The Enumerator class serves as Ruby's primary mechanism for implementing external iterators. Unlike internal iteration where blocks control the iteration process, external iteration gives the caller explicit control over when and how elements are retrieved. This approach proves essential for implementing lazy evaluation, infinite sequences, and complex iteration patterns.

Ruby's Enumerator implementation supports both finite and infinite sequences. Finite enumerators exhaust their source collection, while infinite enumerators can generate values indefinitely through custom logic or mathematical sequences. The class integrates seamlessly with Ruby's existing enumerable ecosystem while extending capabilities beyond traditional collection iteration.

# Basic enumerator creation from array
arr = [1, 2, 3, 4, 5]
enum = arr.each
enum.next  # => 1
enum.next  # => 2

# Enumerator from method without block
numbers = (1..10).map
numbers.class  # => Enumerator
# Custom enumerator with Enumerator.new
fibonacci = Enumerator.new do |yielder|
  a, b = 0, 1
  loop do
    yielder << a
    a, b = b, a + b
  end
end

fibonacci.take(8)  # => [0, 1, 1, 2, 3, 5, 8, 13]

Enumerator objects maintain internal state between calls to #next, making them stateful iterators. This statefulness enables complex iteration patterns but requires careful handling to avoid unexpected behavior when reusing enumerators across different contexts.

Basic Usage

Creating enumerators follows several standard patterns in Ruby. The most common approach involves calling enumerable methods without providing blocks. Ruby automatically returns Enumerator objects in these situations, allowing subsequent chaining or manual iteration control.

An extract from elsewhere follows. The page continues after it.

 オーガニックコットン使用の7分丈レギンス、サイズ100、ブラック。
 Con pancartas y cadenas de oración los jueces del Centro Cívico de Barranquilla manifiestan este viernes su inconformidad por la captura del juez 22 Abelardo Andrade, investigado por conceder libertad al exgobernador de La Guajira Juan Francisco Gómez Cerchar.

# Standard enumerator creation patterns
array = %w[apple banana cherry date elderberry]

# From enumerable methods
each_enum = array.each
map_enum = array.map
select_enum = array.select

# All return Enumerator objects
each_enum.class    # => Enumerator
map_enum.class     # => Enumerator  
select_enum.class  # => Enumerator

The #next method provides primary access to enumerator elements. Each call advances the internal position and returns the subsequent value. When the enumerator exhausts its source, #next raises StopIteration exceptions rather than returning nil, maintaining consistency with iteration completion semantics.

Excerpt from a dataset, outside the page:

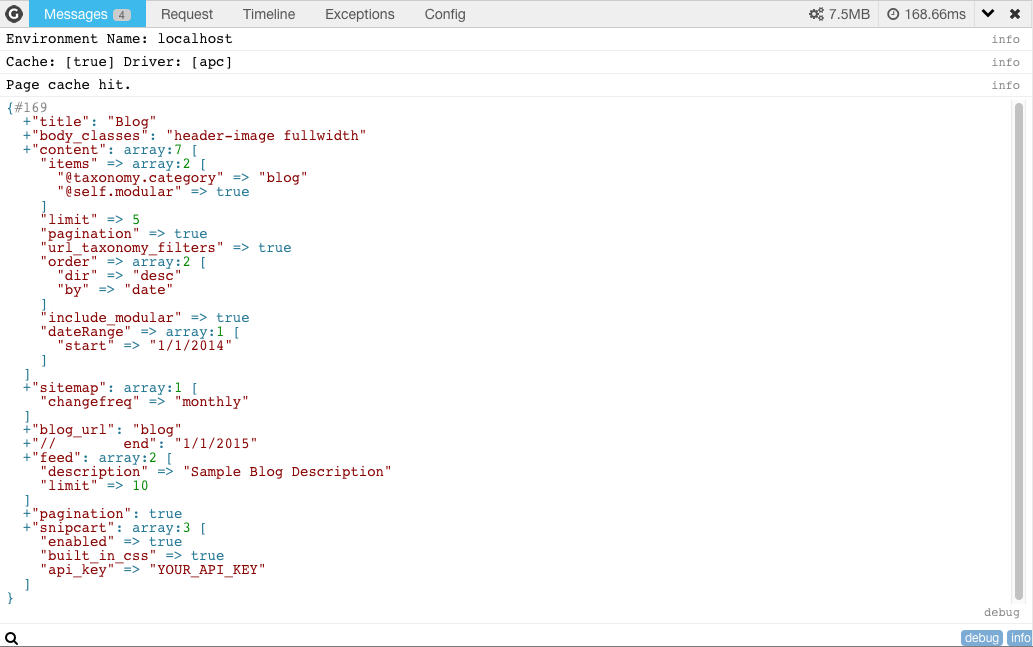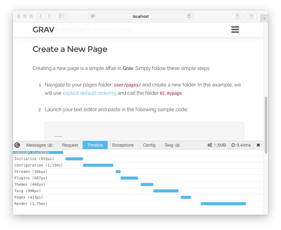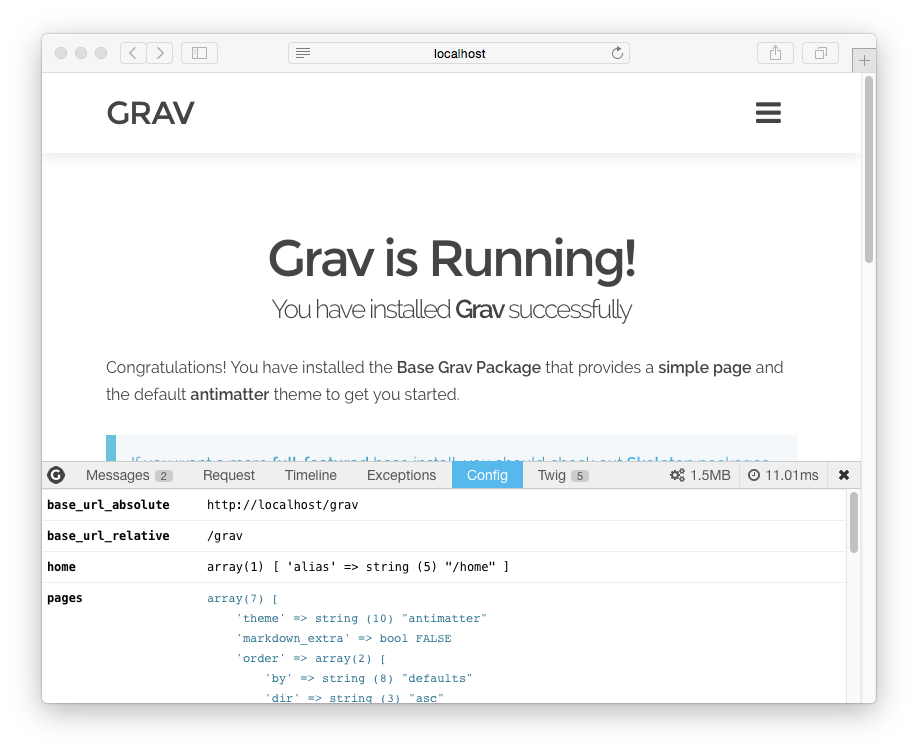 Grav には、 デバッグバー と呼ばれる、デバッグの努力を簡単にしてくれるすばらしいツールがあります。

colors = ['red', 'green', 'blue'].each

colors.next    # => "red"
colors.next    # => "green" 
colors.next    # => "blue"
colors.next    # raises StopIteration

The #peek method examines the next element without advancing the enumerator's position. This proves valuable when implementing lookahead logic or conditional processing based on upcoming values. Peek operations preserve enumerator state while providing element access.

numbers = (1..5).each

numbers.peek   # => 1
numbers.next   # => 1
numbers.peek   # => 2
numbers.next   # => 2

Enumerator rewinding through #rewind resets internal position to the beginning. This enables multiple iterations over the same enumerator without creating new objects. Rewind operations affect all subsequent #next and #peek calls until the enumerator reaches completion again.

# Rewind demonstration
letters = %w[x y z].each

letters.next   # => "x"
letters.next   # => "y" 
letters.rewind
letters.next   # => "x"  # Back to beginning

Custom enumerators through Enumerator.new accept blocks that define iteration behavior. These blocks receive yielder objects supporting the << operator for emitting values. Custom enumerators enable infinite sequences, computed values, and specialized iteration patterns not possible with standard collection enumeration.

# Custom countdown enumerator
countdown = Enumerator.new do |yielder|
  n = 10
  while n > 0
    yielder << n
    n -= 1
  end
end

countdown.to_a  # => [10, 9, 8, 7, 6, 5, 4, 3, 2, 1]

Advanced Usage

Lazy enumerators represent one of Ruby's most sophisticated enumeration features. The #lazy method transforms regular enumerators into lazy variants that defer computation until explicitly requested. This approach enables efficient processing of large datasets and infinite sequences without immediate memory allocation.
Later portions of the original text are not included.